### STUDY MATERIAL ###

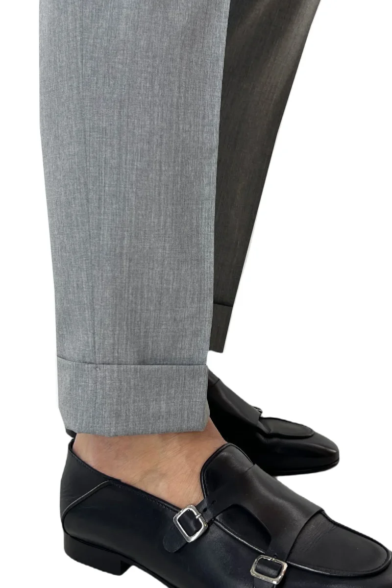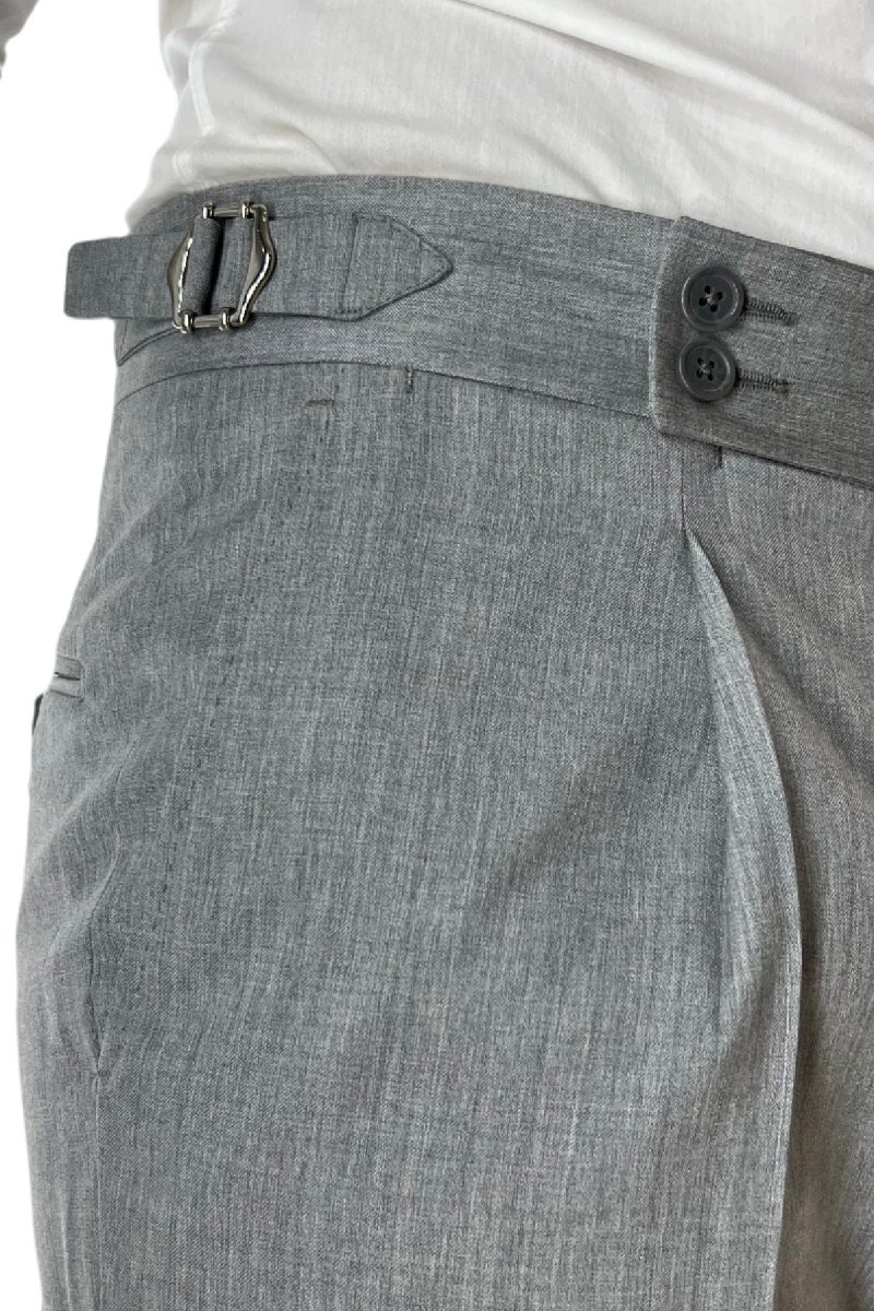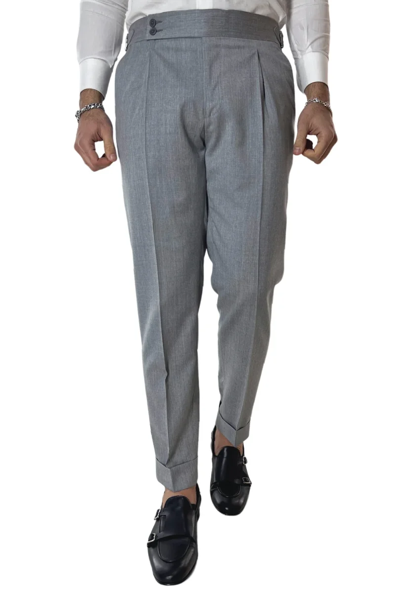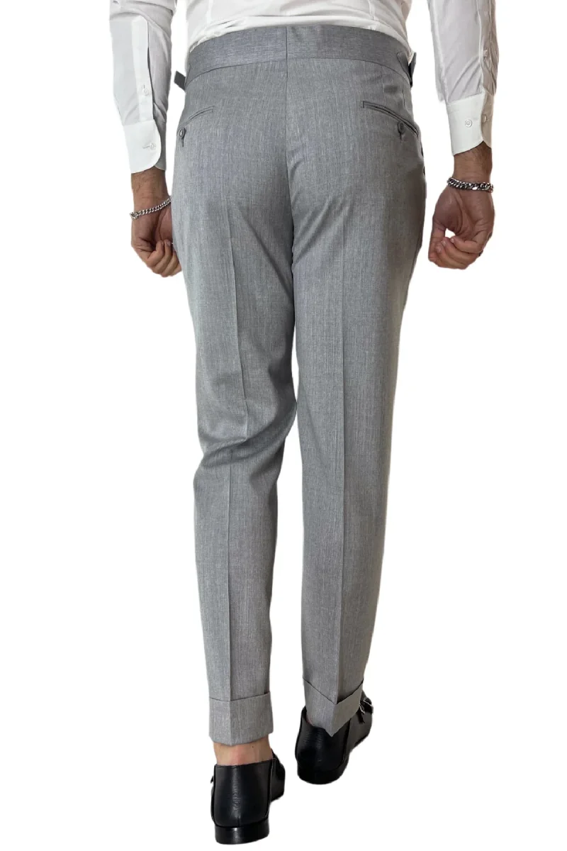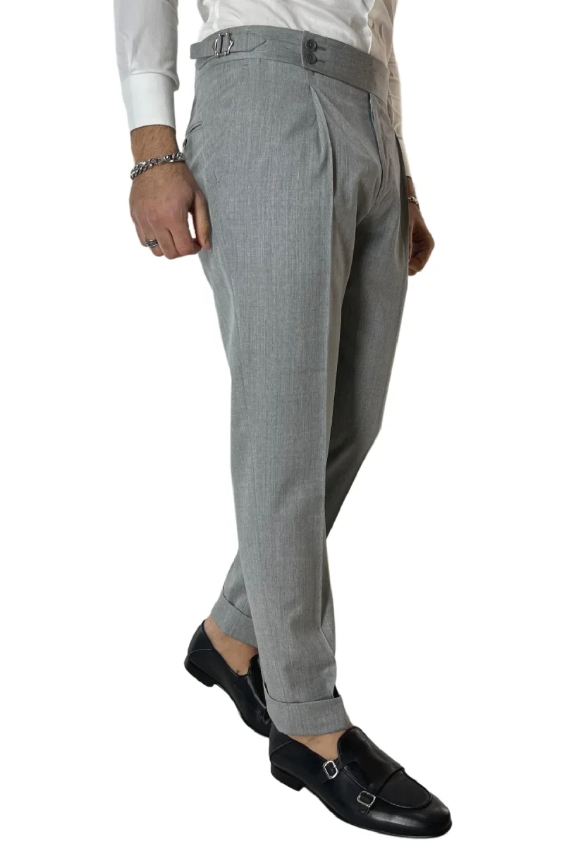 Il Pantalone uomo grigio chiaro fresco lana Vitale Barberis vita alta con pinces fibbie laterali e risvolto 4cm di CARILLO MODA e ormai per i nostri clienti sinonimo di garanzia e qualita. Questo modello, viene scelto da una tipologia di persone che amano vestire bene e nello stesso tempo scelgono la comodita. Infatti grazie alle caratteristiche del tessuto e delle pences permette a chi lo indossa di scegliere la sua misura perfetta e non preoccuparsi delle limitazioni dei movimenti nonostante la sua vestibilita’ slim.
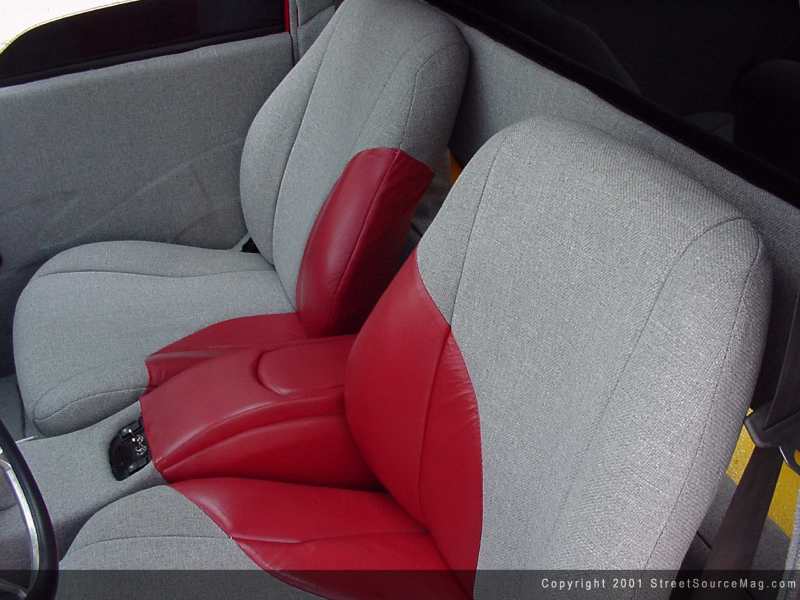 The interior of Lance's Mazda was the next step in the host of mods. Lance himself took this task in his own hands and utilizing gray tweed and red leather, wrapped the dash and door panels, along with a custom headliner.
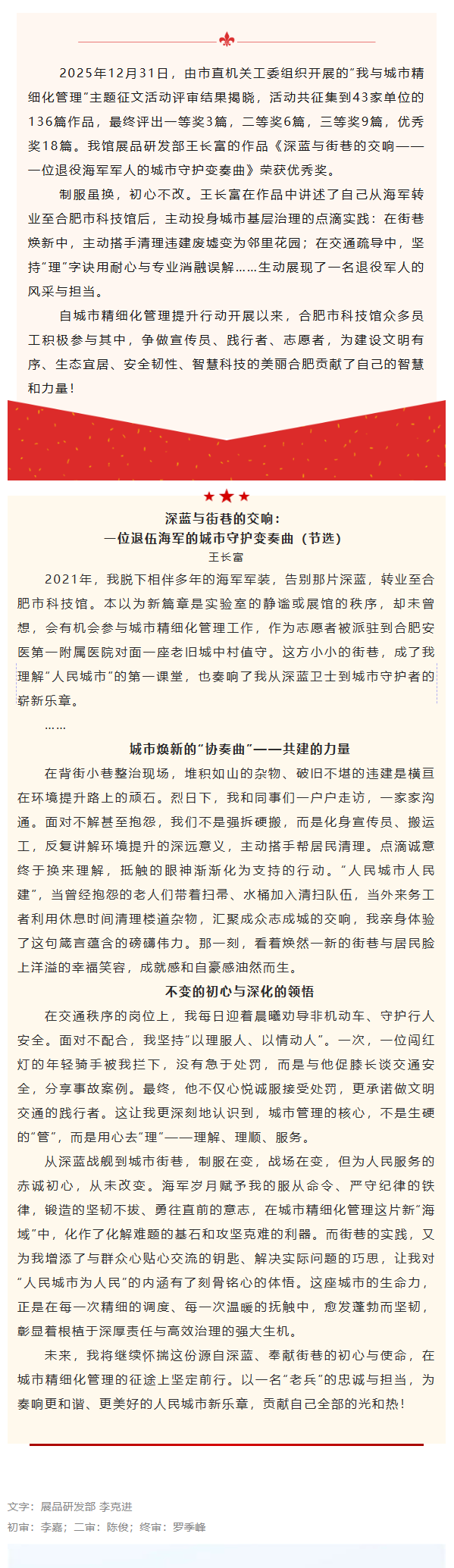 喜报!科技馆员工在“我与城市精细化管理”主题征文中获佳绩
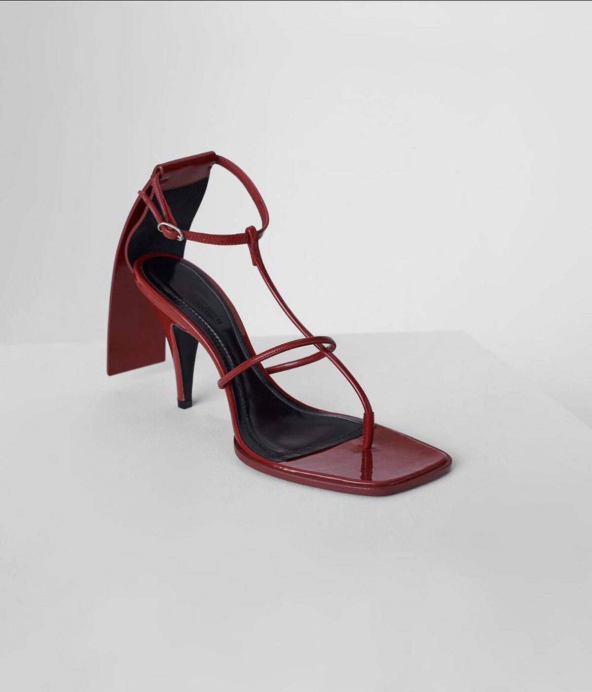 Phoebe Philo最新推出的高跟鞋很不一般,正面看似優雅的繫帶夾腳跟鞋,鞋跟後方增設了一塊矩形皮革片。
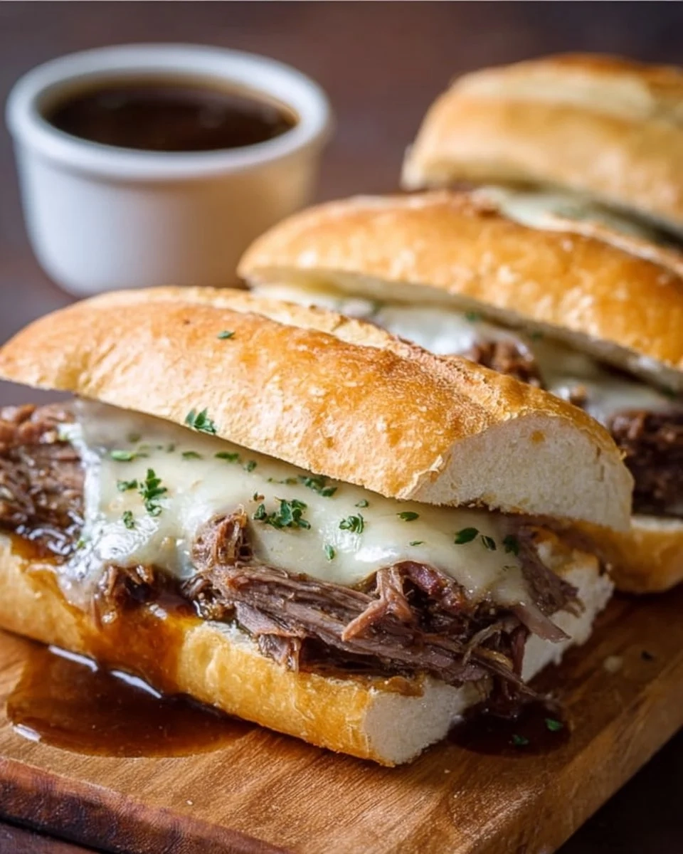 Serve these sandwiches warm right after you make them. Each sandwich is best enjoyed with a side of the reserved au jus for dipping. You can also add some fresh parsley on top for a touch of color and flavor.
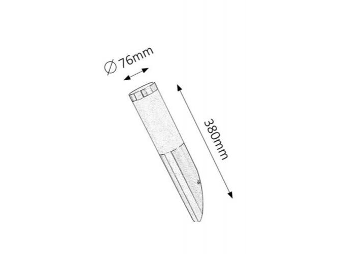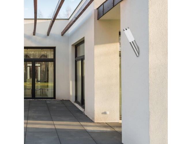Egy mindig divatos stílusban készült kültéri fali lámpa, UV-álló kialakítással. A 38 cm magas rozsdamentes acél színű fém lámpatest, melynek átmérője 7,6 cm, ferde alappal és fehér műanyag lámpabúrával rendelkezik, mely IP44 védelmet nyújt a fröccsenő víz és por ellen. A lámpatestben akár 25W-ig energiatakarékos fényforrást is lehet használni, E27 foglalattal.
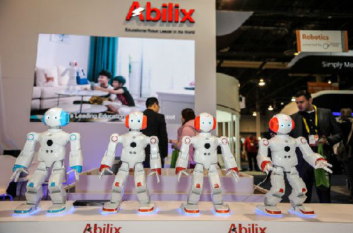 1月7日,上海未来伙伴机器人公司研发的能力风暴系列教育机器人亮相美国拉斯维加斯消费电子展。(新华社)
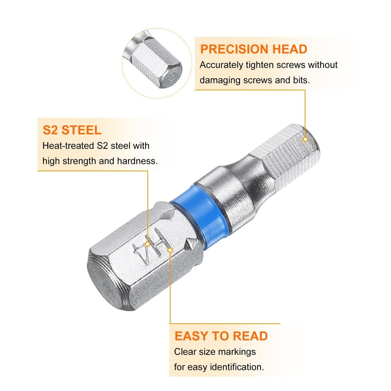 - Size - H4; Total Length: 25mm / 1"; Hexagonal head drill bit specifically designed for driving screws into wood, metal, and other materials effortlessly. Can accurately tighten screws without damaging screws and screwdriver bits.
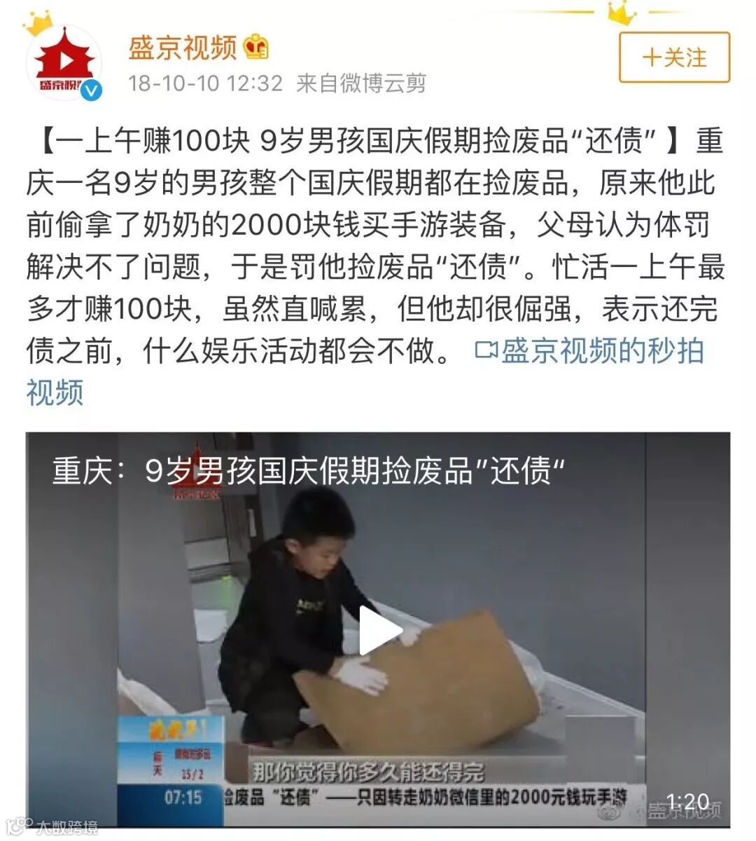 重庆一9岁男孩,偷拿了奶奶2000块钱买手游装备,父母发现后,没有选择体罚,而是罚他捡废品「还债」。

###

» WORK TO COMPLETE
An exact copy of every entry, pictures left out, is what to write here.

» WRITTEN REPLY
 Il Pantalone uomo grigio chiaro fresco lana Vitale Barberis vita alta con pinces fibbie laterali e risvolto 4cm di CARILLO MODA e ormai per i nostri clienti sinonimo di garanzia e qualita. Questo modello, viene scelto da una tipologia di persone che amano vestire bene e nello stesso tempo scelgono la comodita. Infatti grazie alle caratteristiche del tessuto e delle pences permette a chi lo indossa di scegliere la sua misura perfetta e non preoccuparsi delle limitazioni dei movimenti nonostante la sua vestibilita’ slim.
 The interior of Lance's Mazda was the next step in the host of mods. Lance himself took this task in his own hands and utilizing gray tweed and red leather, wrapped the dash and door panels, along with a custom headliner.
 喜报!科技馆员工在“我与城市精细化管理”主题征文中获佳绩
 Phoebe Philo最新推出的高跟鞋很不一般,正面看似優雅的繫帶夾腳跟鞋,鞋跟後方增設了一塊矩形皮革片。
 Serve these sandwiches warm right after you make them. Each sandwich is best enjoyed with a side of the reserved au jus for dipping. You can also add some fresh parsley on top for a touch of color and flavor.
Egy mindig divatos stílusban készült kültéri fali lámpa, UV-álló kialakítással. A 38 cm magas rozsdamentes acél színű fém lámpatest, melynek átmérője 7,6 cm, ferde alappal és fehér műanyag lámpabúrával rendelkezik, mely IP44 védelmet nyújt a fröccsenő víz és por ellen. A lámpatestben akár 25W-ig energiatakarékos fényforrást is lehet használni, E27 foglalattal.
 1月7日,上海未来伙伴机器人公司研发的能力风暴系列教育机器人亮相美国拉斯维加斯消费电子展。(新华社)
 - Size - H4; Total Length: 25mm / 1"; Hexagonal head drill bit specifically designed for driving screws into wood, metal, and other materials effortlessly. Can accurately tighten screws without damaging screws and screwdriver bits.
 重庆一9岁男孩,偷拿了奶奶2000块钱买手游装备,父母发现后,没有选择体罚,而是罚他捡废品「还债」。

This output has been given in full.